→ **EXERCISE DIRECTIONS**: Word for word, please copy the listing below, with its pictures left out.

→ **SUPPLIED DATA**:
★ ★ ★ ★ ★

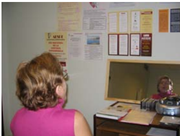
Participante en los ejercicios de Praxias

El taller se pudo realizar gracias a la subvención concedida por el Excmo. Ayuntamiento de El Puerto de Santa María.
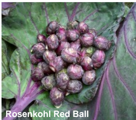
Rosenkohl Red Ball

Auch bei den Kohlgewächsen gibt es immer wieder etwas neues zu entdecken. Kohl gilt bei den einen als langweilig, altertümlich und out, bei den anderen als Trendgemüse mit einer unendlichen Vielzahl an Arten und Rezepten. Aus unserem Sortiment möchten wir Ihnen hier 3 attraktive Neuheiten vorstellen. Red Ball ist ein roter Rosenkohl mit sehr attraktivem milden Geschmack. Kultiviert wird er wie andere Rosenkohlsorten auch, die Erntezeit liegt bei dieser Sorte zwischen Ende September und Ende Dezember. Je kühler die Temperaturen im Herbst werden, desto ausgeprägter ist die schöne rote Farbe. Kalibos ist ein roter Spitzkohl, der sich besonders für Rohkost und Salate eignet. Er wächst recht zügig, fällt locker und hat nur einen kurzen Strunk. Flower Sprout ist etwas ganz neues, ein in 2013 international ausgezeichnetes neues Gemüse. Der englische Züchter hat hier über viele Jahre Rosenkohl und Grünkohl zusammengebracht. Aus den drei angebotenen Sorten bieten wir Ihnen die Sorte Early an, die bei Aussaat März von Oktober bis Dezember geerntet werden kann. Die kleinen an Wirsingköpfchen erinnernden Röschen schmecken herrlich mild mit einem leicht nussigen Aroma. Mehr Informationen, auch Rezepte finden Sie in Englisch und in Deutsch unter : http://www.flower-sprout.com

★ ★ ★ ★ ★

→ **FINISHED TASK**:
Participante en los ejercicios de Praxias

El taller se pudo realizar gracias a la subvención concedida por el Excmo. Ayuntamiento de El Puerto de Santa María.
Rosenkohl Red Ball

Auch bei den Kohlgewächsen gibt es immer wieder etwas neues zu entdecken. Kohl gilt bei den einen als langweilig, altertümlich und out, bei den anderen als Trendgemüse mit einer unendlichen Vielzahl an Arten und Rezepten. Aus unserem Sortiment möchten wir Ihnen hier 3 attraktive Neuheiten vorstellen. Red Ball ist ein roter Rosenkohl mit sehr attraktivem milden Geschmack. Kultiviert wird er wie andere Rosenkohlsorten auch, die Erntezeit liegt bei dieser Sorte zwischen Ende September und Ende Dezember. Je kühler die Temperaturen im Herbst werden, desto ausgeprägter ist die schöne rote Farbe. Kalibos ist ein roter Spitzkohl, der sich besonders für Rohkost und Salate eignet. Er wächst recht zügig, fällt locker und hat nur einen kurzen Strunk. Flower Sprout ist etwas ganz neues, ein in 2013 international ausgezeichnetes neues Gemüse. Der englische Züchter hat hier über viele Jahre Rosenkohl und Grünkohl zusammengebracht. Aus den drei angebotenen Sorten bieten wir Ihnen die Sorte Early an, die bei Aussaat März von Oktober bis Dezember geerntet werden kann. Die kleinen an Wirsingköpfchen erinnernden Röschen schmecken herrlich mild mit einem leicht nussigen Aroma. Mehr Informationen, auch Rezepte finden Sie in Englisch und in Deutsch unter : http://www.flower-sprout.com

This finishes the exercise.